Further, although these accelerators provide increased computational
power, this power is balanced by increased latencies.
In a distributed memory setting -- where
accelerators must coordinate their activities via a network -- the optimal way
to design an algorithm is rarely the naive one.
Creating Insight from Large Scientific Data Sets
Our group has extensive contacts with end users and
performs application-oriented research to help them better understand
data. This often means
developing new techniques or applying techniques in new ways, such as the
Finite-Time Lyapunov Exponent (FTLE)-based analysis
of oil dispersion in the Gulf of Mexico (below, left),
nuclear reactor design (below, middle-top),
identification and analysis of features in turbulent flow (below, middle-bottom),
and explosions of stars (below, right).
More information about the analysis of oil
dispersion in the Gulf of Mexico can be found here.
Collaborations
We collaborate with a number of individuals and research
programs:
- The Visualization Group at Lawrence Berkeley National Laboratory (LBNL).
- The Institute for Data Analysis and Visualization (IDAV), a UC Davis-supported Institute that houses a number of visualization and computer graphics researchers.
- The Department of Energy's Institute for Scalable Data Management, Analysis, and Visualization (SDAV), which includes six DOE laboratories, seven universities, and one private company.
- We also collaborate with the Technical University of Kaiserslautern (Germany), with the possibility for students to go back and forth between the universities.
- In addition to LBNL, we also collaborate with Lawrence Livermore National Laboratory and Oak Ridge National Laboratory, with collaborations with Pacific Northwest National Laboratory and Idaho National Laboratory forming.
Frequently, these collaborations often lead to our students performing their research on the leading supercomputers in the world today.
- We collaborate with National Science Foundation supercomputing centers as well, primarily with the Texas Advanced Computing Center (TACC) and the San Diego Supercomputing Center (SDSC).
Faculty
Hank Childs, Assistant Professor
Selected Publications
Here are a few recent publications from the group:
- E. Wes Bethel, Hank Childs, and Charles Hansen, editors.

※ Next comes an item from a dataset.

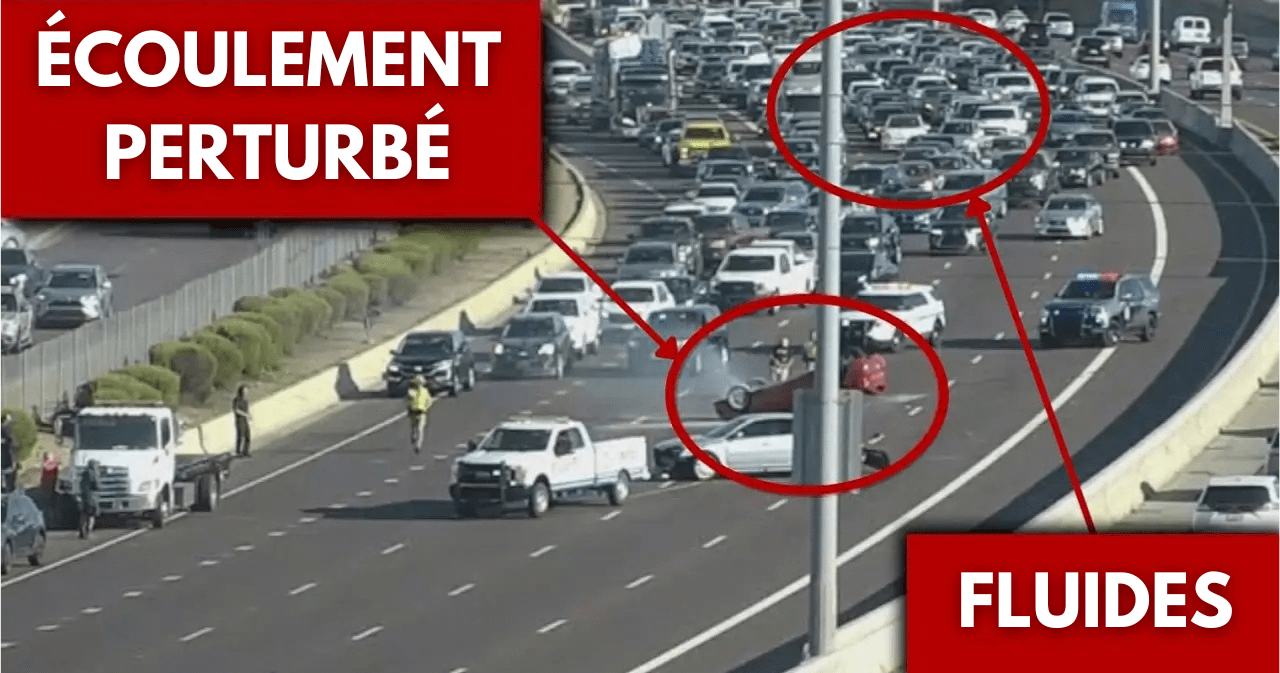 L'accident crée un goulot d'étranglement sur la route, limitant le nombre de voitures pouvant passer. Cela limite également la vitesse maximale à laquelle vous pouvez vous déplacer.

High Performance Visualization-Enabling Extreme-Scale Scientific Insight. Chapman & Hall, CRC Computational Science. CRC Press/Francis-Taylor Group, Boca Raton, FL, USA, Nov. 2012. (Textbook)
- T. M. Ozgokmen, A. C. Poje, P. F. Fischer, H. Childs, H. Krishnan, C. Garth, A. C. Haza, and E. Ryan. On multi-scale dispersion under the influence of surface mixed layer instabilities. Ocean Modelling, 56:16-30, Oct. 2012
- K. P. Gaither, H. Childs, K. Schulz, C. Harrison, B. Barth, D. Donzis, and P. Yeung. Using Visualization and Data Analysis to Understand Critical Structures in Massive Time Varying Turbulent Flow Simulations. IEEE Computer Graphics and Applications, 32(4):34-45, July/Aug 2012
- P. Navratil, D. Fussell, C. Lin, and H. Childs. Dynamic Scheduling for Large-Scale Distributed-Memory Ray Tracing, Proceedings of EuroGraphics Symposium on Parallel Graphics and Visualization (EGPGV), pages 61-70, May 2012. Best paper winner.

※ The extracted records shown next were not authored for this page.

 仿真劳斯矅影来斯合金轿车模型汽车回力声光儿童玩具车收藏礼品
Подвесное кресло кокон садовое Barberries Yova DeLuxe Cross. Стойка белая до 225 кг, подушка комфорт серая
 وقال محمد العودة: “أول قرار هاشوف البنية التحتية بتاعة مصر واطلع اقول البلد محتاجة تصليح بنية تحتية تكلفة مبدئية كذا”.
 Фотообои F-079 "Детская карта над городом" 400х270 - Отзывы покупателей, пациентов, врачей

- Mark Howison, E. Wes Bethel, Hank Childs. Hybrid Parallelism for Volume Rendering on Large, Multi- and Many-core Systems. IEEE Transactions on Visualization and Computer Graphics, 18(1):17-29, Jan. 2012
- David Camp, Christoph Garth, Hank Childs, David Pugmire, Kenneth Joy, "Streamline Integration using MPI-Hybrid Parallelism on Large Multi-Core Architecture" IEEE Transactions on Visualization and Computer Graphics, 17(11):1702-1713, Nov. 2011
- Hank Childs, David Pugmire, Sean Ahern, Brad Whitlock, Mark Howison, Prabhat, Gunther Weber, E. Wes Bethel. "Extreme Scaling of Production Visualization Software on Diverse Architectures." IEEE Computer Graphics and Applications, 30(3):22-31, May/June 2010.